Recorded information:
☆ ☆ ☆ ☆ ☆

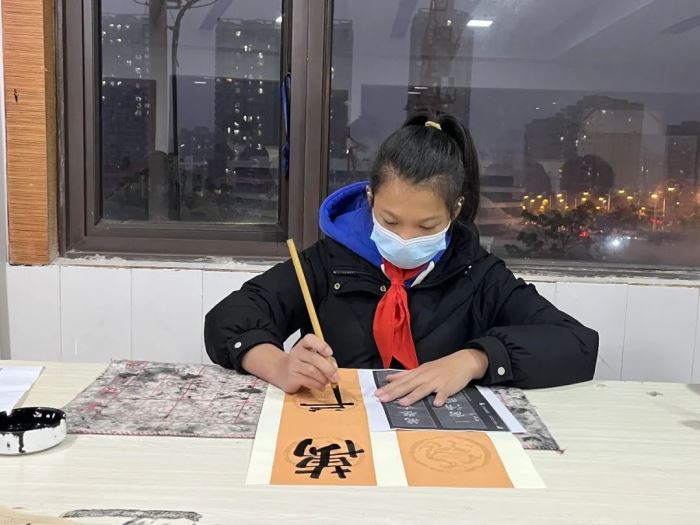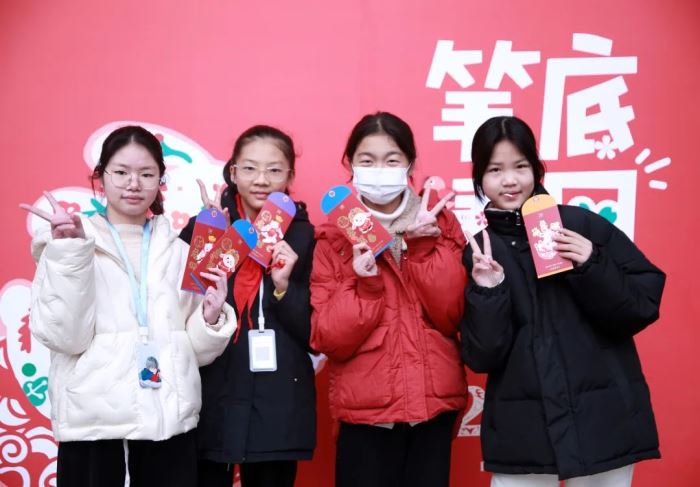 展覽前一周,在美術(shù)學科組的組織下,喜歡書法的老師和同學們積極參與進來,利用課余時間書寫了300余副春聯(lián)和福字,以及學生設計的600多份定制福貼和2000多個紅包贈送給老師和同學們。還有一支送福小分隊,送到身在門崗值班的保安,送到服務教學的部門和年級,將一份份暖心祝福送給辛勤工作中的巴川人。
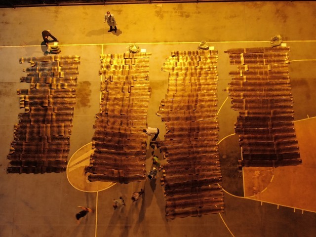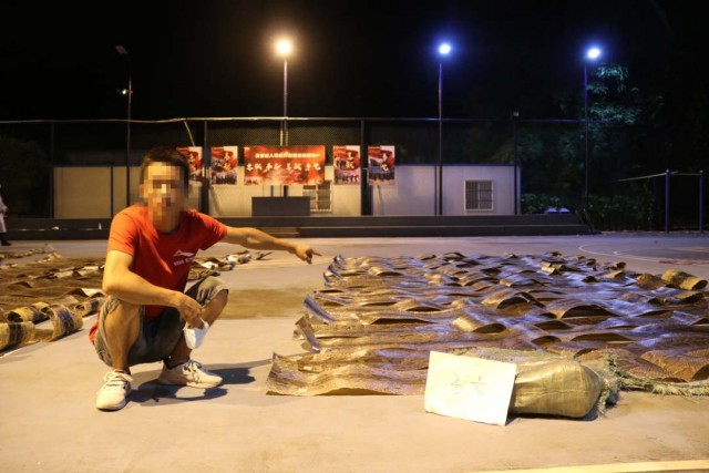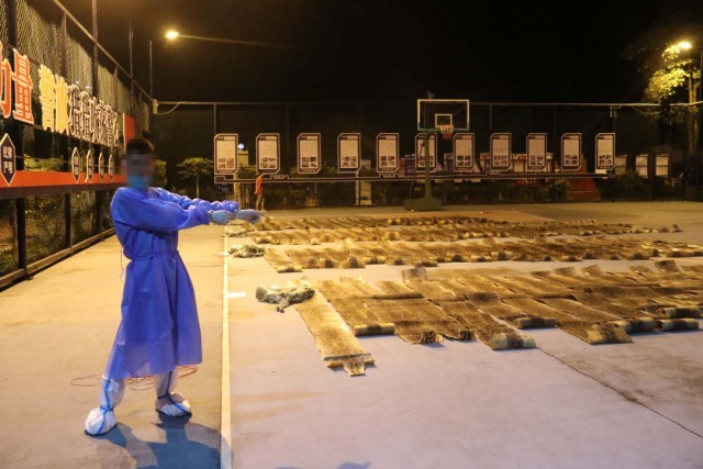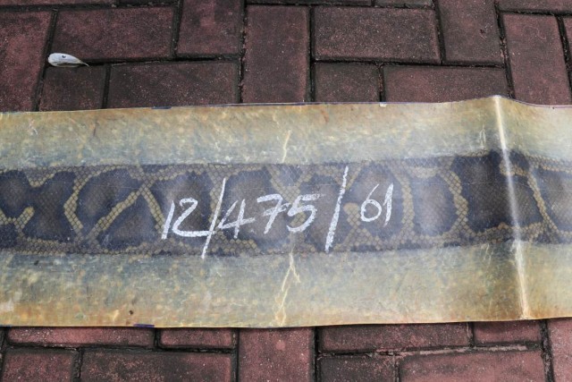 经清点,编制袋内共装有蛇皮可疑物90张,每张保留完整、鳞片紧密、皮质厚实,均长3至4米,最大单皮长达4.25米,查获之物铺开后,粗长的蟒蛇皮铺满了整个篮球场。
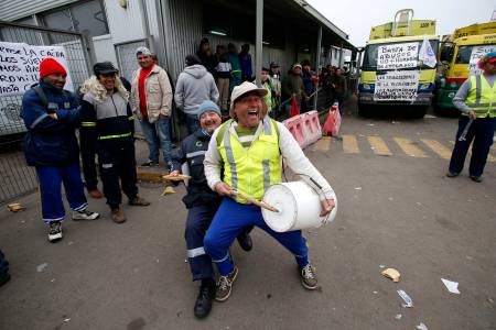 Garbage collectors joke as they attend a national strike at Santiago, July 29, 2013. Garbage collectors have begun a national strike on Monday demanding improvements in their salaries, according to media reports. REUTERS/Ivan Alvarado (CHILE - Tags: POLITICS CIVIL UNREST BUSINESS EMPLOYMENT)

☆ ☆ ☆ ☆ ☆

Pictures are to be left out; otherwise, retype exactly the lines from the first line of the data through the line containing "经清点,编制袋内共装有蛇皮可".

Result below:
 展覽前一周,在美術(shù)學科組的組織下,喜歡書法的老師和同學們積極參與進來,利用課余時間書寫了300余副春聯(lián)和福字,以及學生設計的600多份定制福貼和2000多個紅包贈送給老師和同學們。還有一支送福小分隊,送到身在門崗值班的保安,送到服務教學的部門和年級,將一份份暖心祝福送給辛勤工作中的巴川人。
 经清点,编制袋内共装有蛇皮可疑物90张,每张保留完整、鳞片紧密、皮质厚实,均长3至4米,最大单皮长达4.25米,查获之物铺开后,粗长的蟒蛇皮铺满了整个篮球场。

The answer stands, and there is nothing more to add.